On 20 April 1927, Butler married Maurice Hagarty, a grazier from Cunnamulla, Queensland, in St Mary's Cathedral, Sydney. He had proposed by singing opera.

They had a daughter, Anne Josephine, in 1931. She kept in touch with the Bradfield family and visited for the opening of the bridge in 1932. In 1936, Butler took her daughter to visit Bradfield and his wife Edith in Sydney, admitting she "cannot curb her interest in the new Queensland bridge at Kangaroo Point [the Story Bridge in Brisbane, for which Bradfield was the consulting engineer] and feels she 'hates to be out of it all'".

The marriage was not a happy one, and Hagarty was violent towards his wife and child. Kathleen eventually left her husband in the 1950s after her daughter married and left home. She moved back to Sydney in 1958 and lived in a flat below her sister Grace. When her grandchildren came to stay she had the garden piled with sand to replicate what they knew from their home in the outback to make them feel more comfortable.

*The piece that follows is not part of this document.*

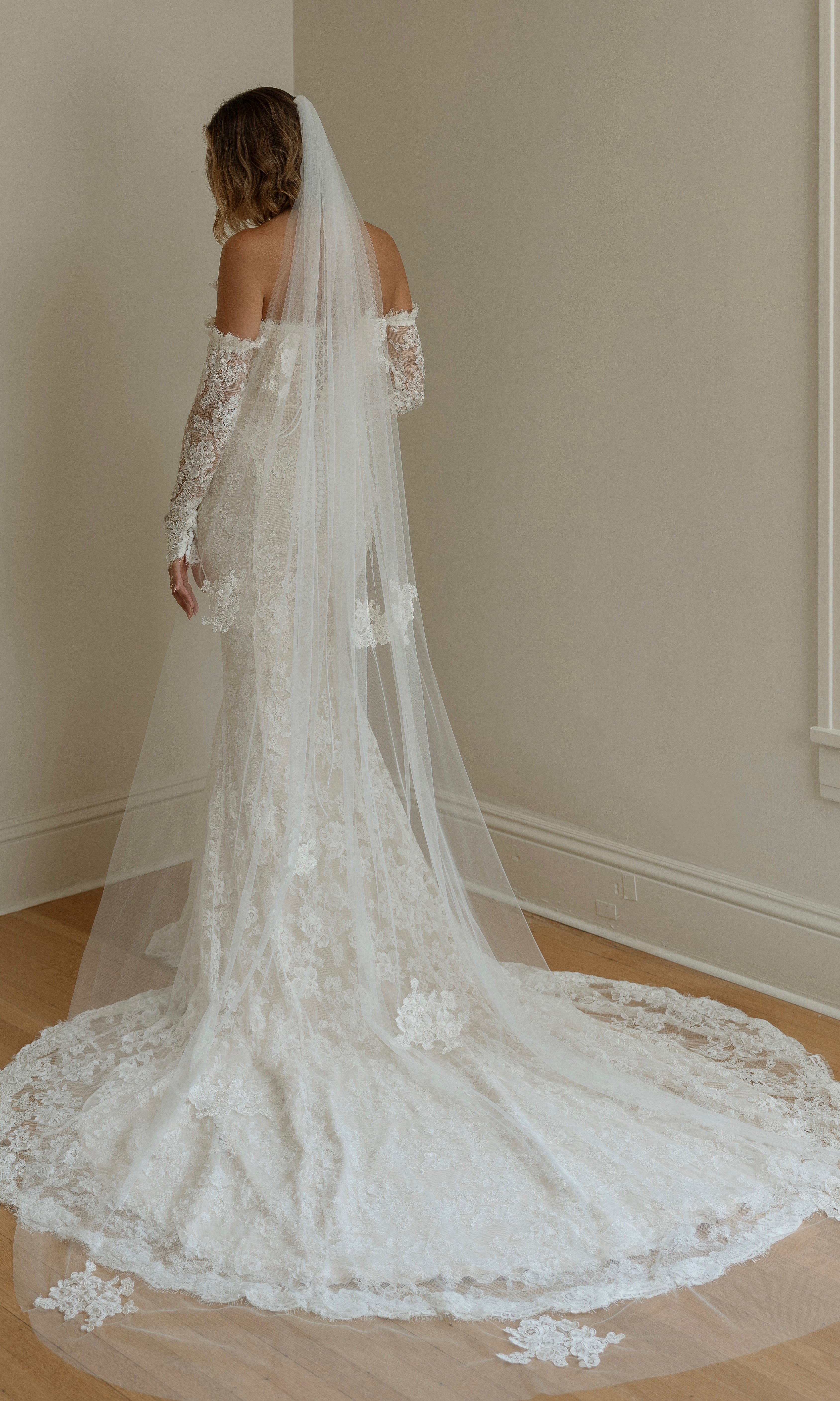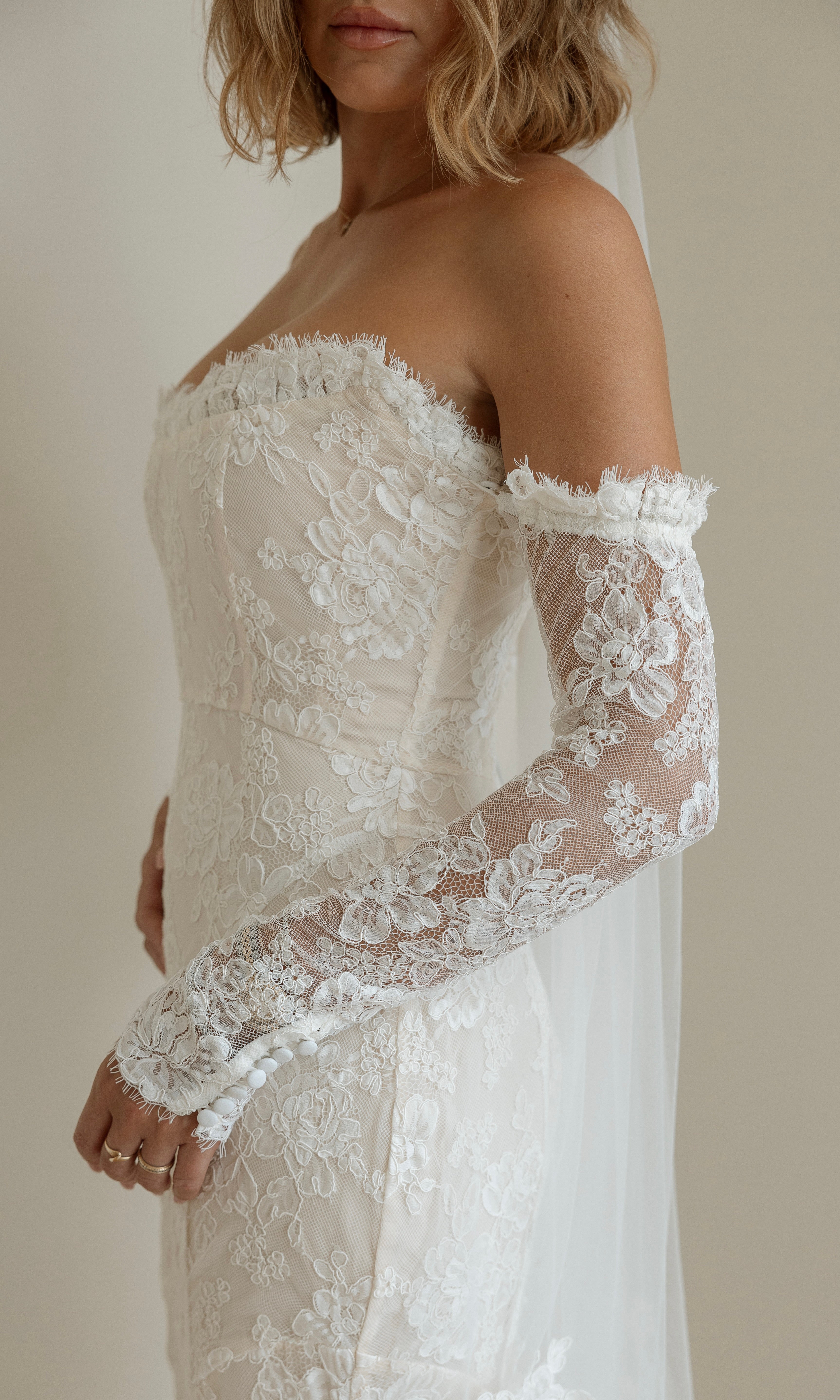 ROMANTIC FRENCH CORDED LACE BUSTIER GOWN, STRAPLESS AND FITTED BODICE WITH UNDERWIRE AND BONING. RUFFLED LACE DETAIL ALONG THE BUST, DETACHABLE LONG UNLINED SLEEVES WITH FIT AND FLARE SKIRT. ORNATE PEARL BUTTON DETAILING DOWN THE BACK, FRONT AND BACK PROMINENT PRINCESS SEAMS. FULL SKIRT FLOWS INTO AN ELONGATED TRAIN. ALSO, SEE SISTER STYLES ‘ROSS‘ & ‘LEO'.

In 1961, with her sister Gladys, she bought a house at 41 Wycombe Road, Kurraba Point, from where the Bridge can be seen. Butler would walk her visiting grand-children Maurice and Maria to the harbour and regale them with stories about her part in the building of Sydney Harbour Bridge.

Kathleen Butler Hagarty died on 19 July 1972, aged 81. She is buried in Macquarie Park Cemetery, Sydney.

== Legacy ==
In 2019, a 130-metre tunnel boring machine for the Sydney Metro was named Kathleen in her honour.

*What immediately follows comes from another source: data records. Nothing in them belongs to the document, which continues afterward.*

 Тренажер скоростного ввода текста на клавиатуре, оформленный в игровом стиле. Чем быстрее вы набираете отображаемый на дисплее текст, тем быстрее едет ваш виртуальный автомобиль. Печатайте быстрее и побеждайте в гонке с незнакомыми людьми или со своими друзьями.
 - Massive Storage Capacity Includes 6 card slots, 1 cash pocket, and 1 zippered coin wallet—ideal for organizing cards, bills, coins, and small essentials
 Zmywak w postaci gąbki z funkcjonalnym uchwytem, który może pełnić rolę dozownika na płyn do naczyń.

In 2022, Butler was chosen as one of the notable people buried in Macquarie Park Cemetery whose life stories were told on video as part of the commemoration of the burial ground's centenary.

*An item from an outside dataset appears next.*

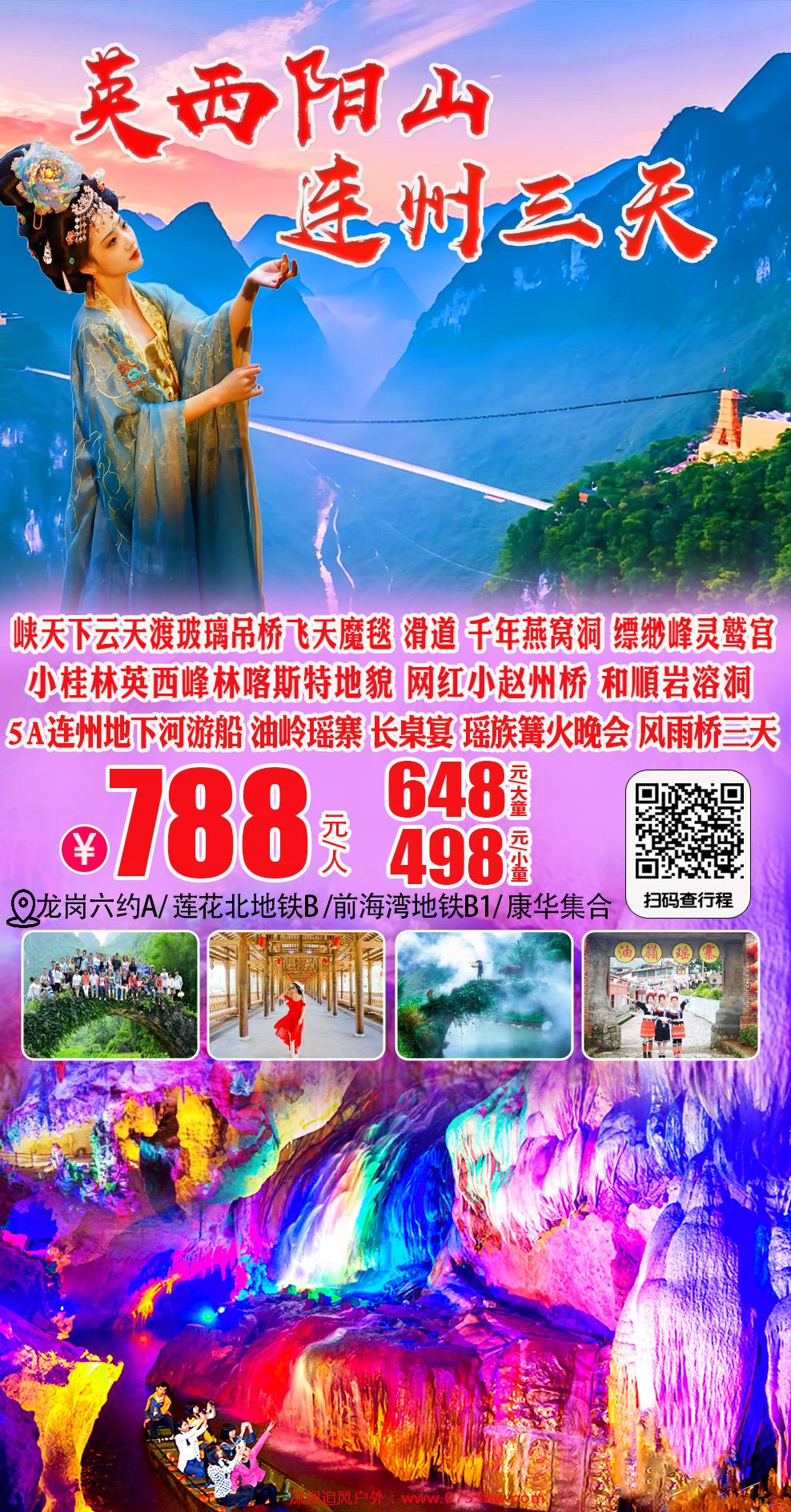第二天:酒店一连州地下河--油岭瑶寨--酒店

In November 2023, it was announced that Butler was one of eight women chosen to be commemorated in the second round of blue plaques sponsored by the Government of New South Wales alongside, among others, Emma Jane Callaghan, an Aboriginal midwife and activist; Susan Katherina Schardt; Dorothy Drain, one of Australia's first female war correspondents; writer Charmian Clift; Pearl Mary Gibbs, an Aboriginal rights movement activist; and charity worker Grace Emily Munro. The plaque was unveiled on 6 August 2024 at Butler's former place of work, the Chief Secretary’s Building in Phillip Street, Sydney.